In this case, the syntaxhighlight extension produces a <div> which cannot be embedded inside a p-tag. Parsoid wraps that output in a DOM fragment and it is later unpacked into its container. But, that unpacking only handles a few mandatory content model constraints. P-in-P and DIV-in-P and other constraint that the tree builder enforces aren't being handled correctly.

Event Timeline

Restricted Application added a subscriber: Aklapper. · View Herald Transcript

Something messed up in template encapsulation clearly:

[subbu@earth parsoid] echo '{{wg|ResourceModuleSkinStyles}}' | parse.js --wt2wt --prefix mediawikiwiki
{{wg|ResourceModuleSkinStyles}}<syntaxhighlight lang="php" enclose="none">$wgResourceModuleSkinStyles</syntaxhighlight>

Parsoid is generating broken HTML output. A <p> tag cannot be nested inside another <p> tag. On parse (inside VE, or inside Parsoid during html -> wt), that p-in-p gets split up which breaks the continuity of template markup.

[subbu@earth parsoid] echo '{{wg|ResourceModuleSkinStyles}}' | parse.js --normalize --prefix mediawikiwiki
[warn/api/etimedout][mediawikiwiki/Main Page] Failed API request, {"error":{"code":"ETIMEDOUT"},"retries-remaining":1}

<p><a href="Special:MyLanguage/Manual:$wgResourceModuleSkinStyles" title="Special:MyLanguage/Manual:$wgResourceModuleSkinStyles"><code>
<div>
<p><code dir="ltr"><span>$wgResourceModuleSkinStyles</span></code></p>
</div>
</code></a></p>
[subbu@earth parsoid] echo '{{1x|[[Foo|<code><syntaxhighlight lang="php">$x</syntaxhighlight></code>]]}}' | parse.js --wt2wt
{{1x|[[Foo|<code><syntaxhighlight lang="php">$x</syntaxhighlight></code>]]}}<syntaxhighlight lang="php">$x</syntaxhighlight>

So, I think like unpackDOMFragments.js code is implicated (which I suspected and which is kind of a known issue) because that code doesn't fully handle all HTML5 content model constraints ... so in this case, when a DOM fragment containing a <div> or <p> is composed into a DOM node that is in turn nested inside another p-tag, we don't fix up the DOM appropriately.
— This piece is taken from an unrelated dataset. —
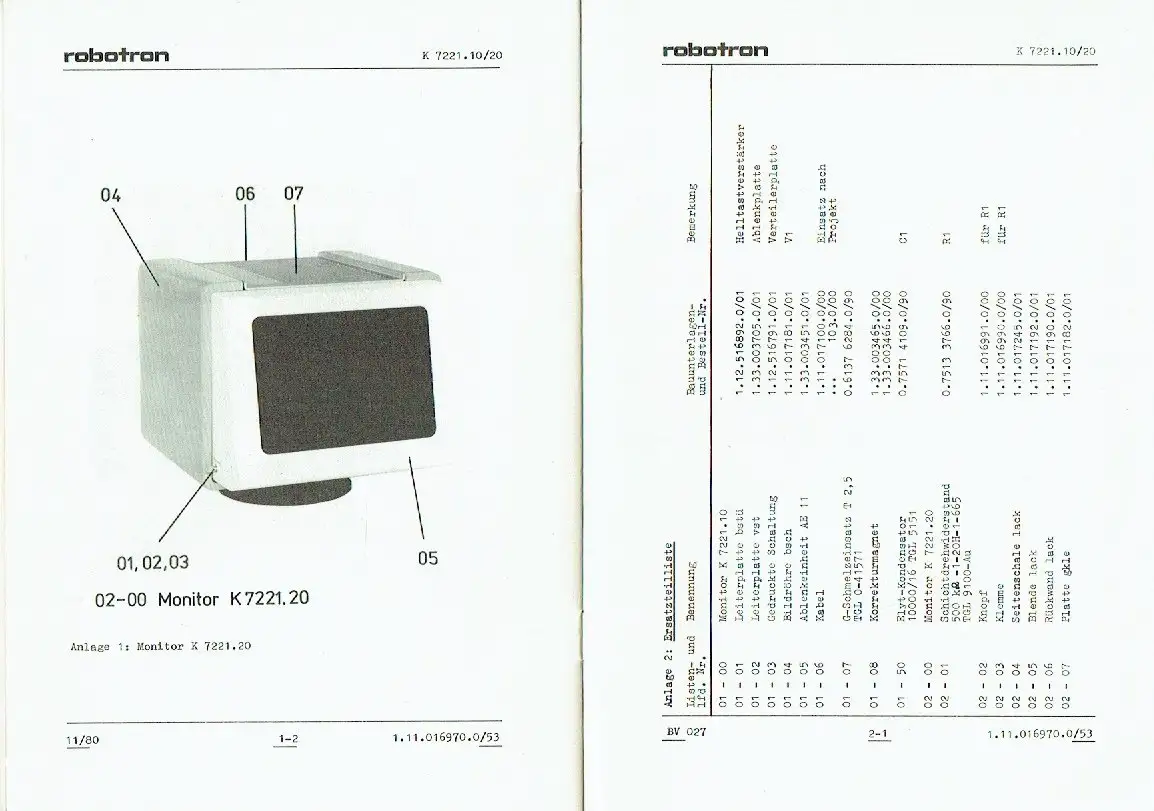 Betriebsvorschrift Monitor K 7221.10 / K 7221.20 Betriebsdokumentation, 1.11.016970.0/97.

I think T141226 is a similar issue except for A-in-A, I think. We do have code to handle some common content model violations (A-in-A), but, that code needs a more generic refresh.

ssastry renamed this task from Specific template on mediawiki.org with <syntaxhighlight> inside it gets messed up when editing in VE to unpackDOMFragments doesn't handle all mandatory content model constraints (those that are enforced by the HTML5 tree builder on a HTML5 parse).May 11 2017, 10:47 PM
ssastry triaged this task as Medium priority.
ssastry added a project: Parsoid-DOM.
ssastry updated the task description. (Show Details)
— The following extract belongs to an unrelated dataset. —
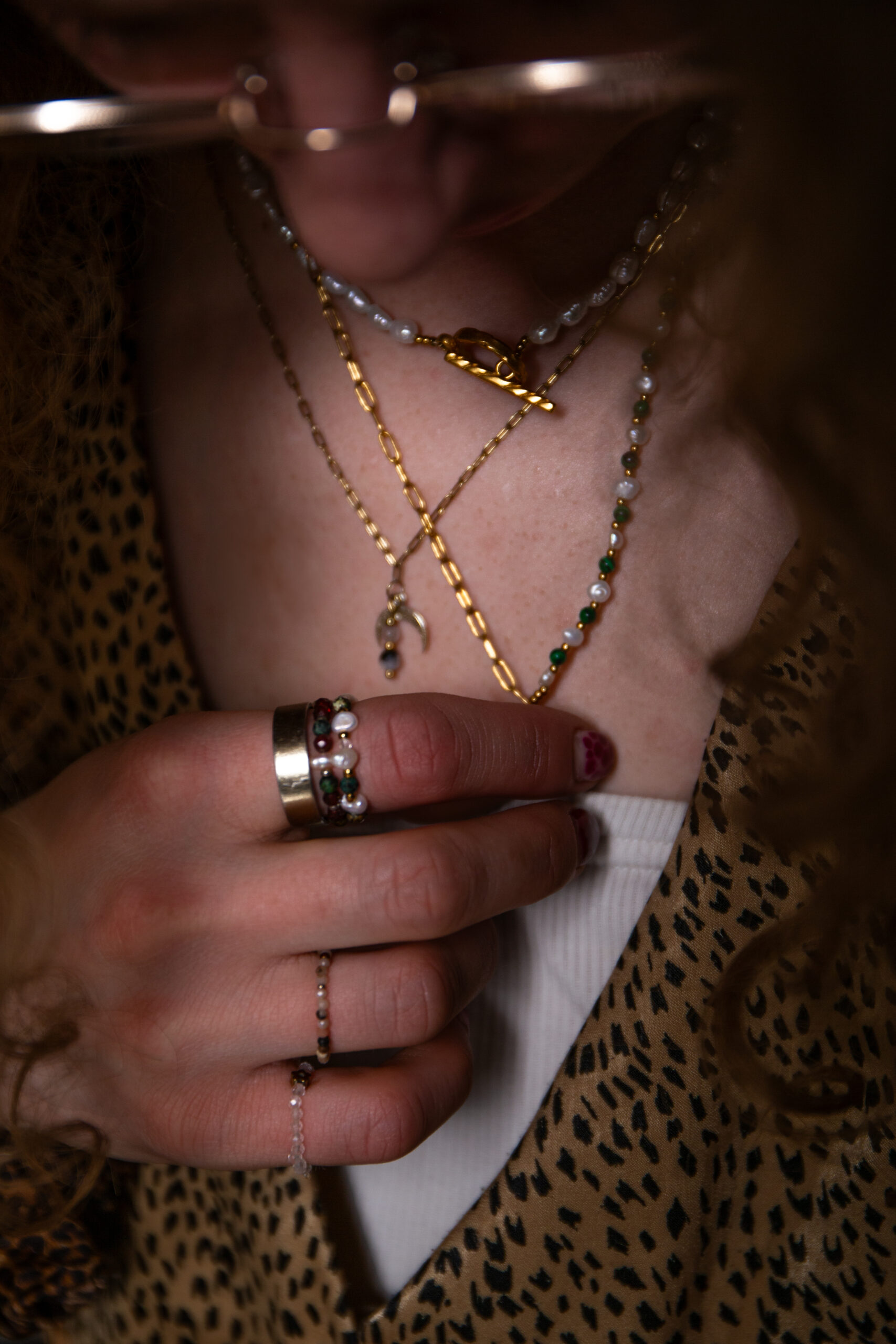 Kamienie naturalne, takie jak ametyst, granat czy różowy kwarc, są starannie wyselekcjonowane i wykorzystywane w projektowaniu biżuterii, dzięki czemu każdy kawałek ma piękny, naturalny wygląd 🌙

Change 371726 had a related patch set uploaded (by Arlolra; owner: Arlolra):
[mediawiki/services/parsoid@master] Stop shuttling link content through tree building as dom fragment tokens

https://gerrit.wikimedia.org/r/371726

The patch above fixes this specific case by not packing link content in dom fragment tokens and letting the treebuilder do its thing. The general limitations of unpacker's hasBadNesting() is well documented though. We probably want to fix that in concert with template balancing, where a more complete solution is required to enforce constraints.
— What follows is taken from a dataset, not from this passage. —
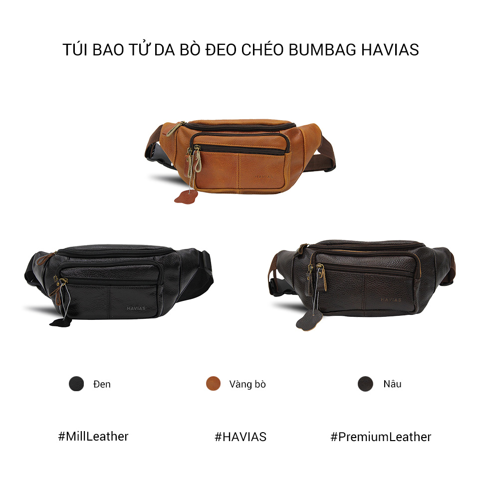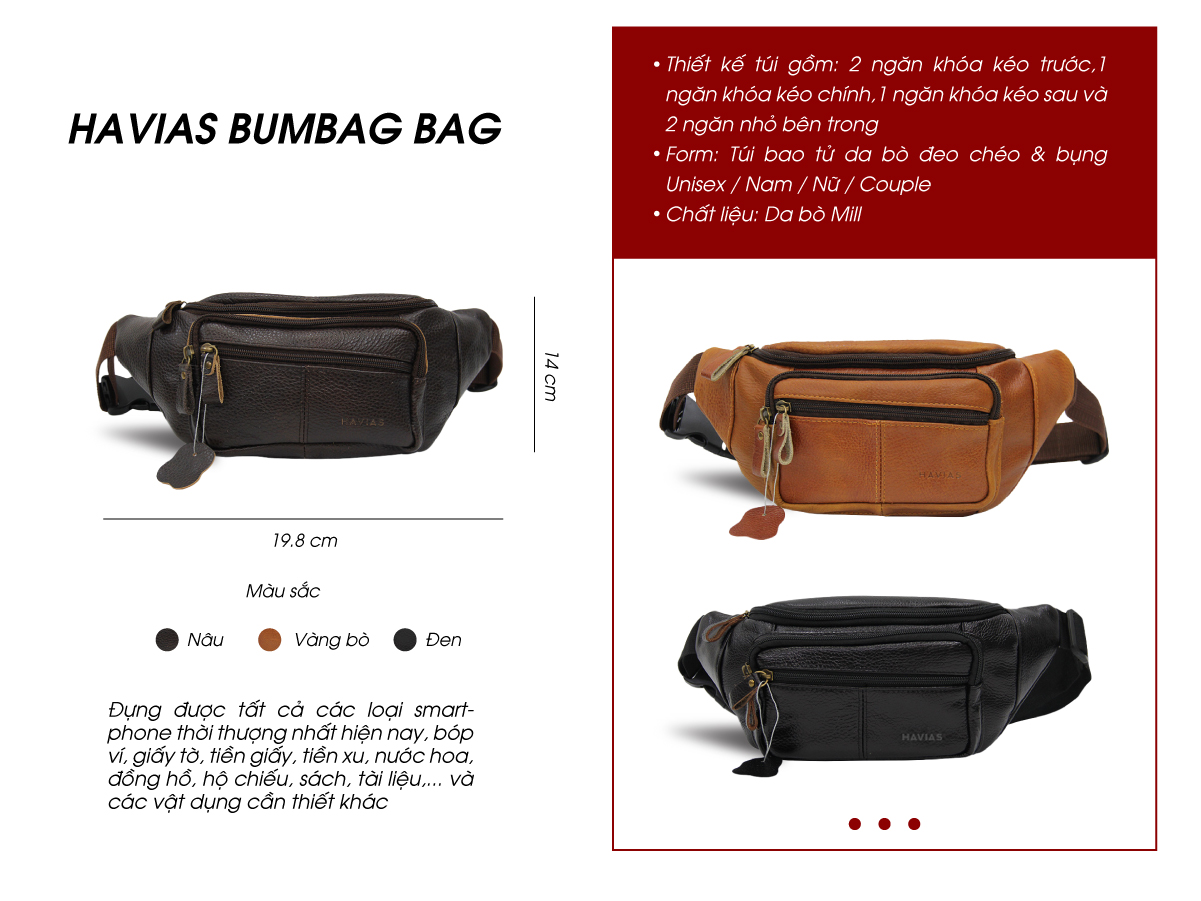 Túi bao tử da bò đeo chéo & bụng Bumbag HAVIAS là một trong những thiết kế của nhà HAVIAS mang dáng vẻ đơn giản nhưng lại vô cùng tinh tế, năng động và hiện đại. Với thiết kế nhỏ gọn, nó có thể chứa được những vật dụng cần thiết của bạn. Khoác lên mình lớp da bò Mill, HAVIAS tin chắc bạn sẽ không hối hận khi sở hữu nó. Vì điểm ấn tượng của chất da Mill chính là việc giữ nguyên các cấu trúc tự nhiên trên nền da. Việc không qua công nghệ dập vân, các vết sẹo, côn trùng cắn tạo nên lớp chất liệu sở hữu vẻ đẹp hoang dã với các chỗ có hột, chỗ không, nơi có đường vân, nơi trơn nhẵn. Tất cả tạo nên sự khác biệt cực kỳ thu hút. Bên cạnh đó, da sáp Mill có hiệu ứng “lên nước” rất rõ, vì da có độ nhám cao, dễ trầy. Do đó để lại nhiều vệt, sau khi lên nước sẽ bóng hơn, nhìn sẽ giống như đồ cổ.

Change 371726 abandoned by Arlolra:
Stop shuttling link content through tree building as dom fragment tokens

https://gerrit.wikimedia.org/r/371726

Might be worth adding a "serialize-then-parse and check you get the same tree" assertion at some point to try to catch these cases more aggressively. @ssastry mentioned that we sort of do this already with our RT testing framework. In theory we could do this in parser tests as well, but I was a little disappointed to see that we didn't already have a parser test case for [[Foo|<div></div>]] so adding that assertion to the parser test framework might not buy us any extra coverage or protection.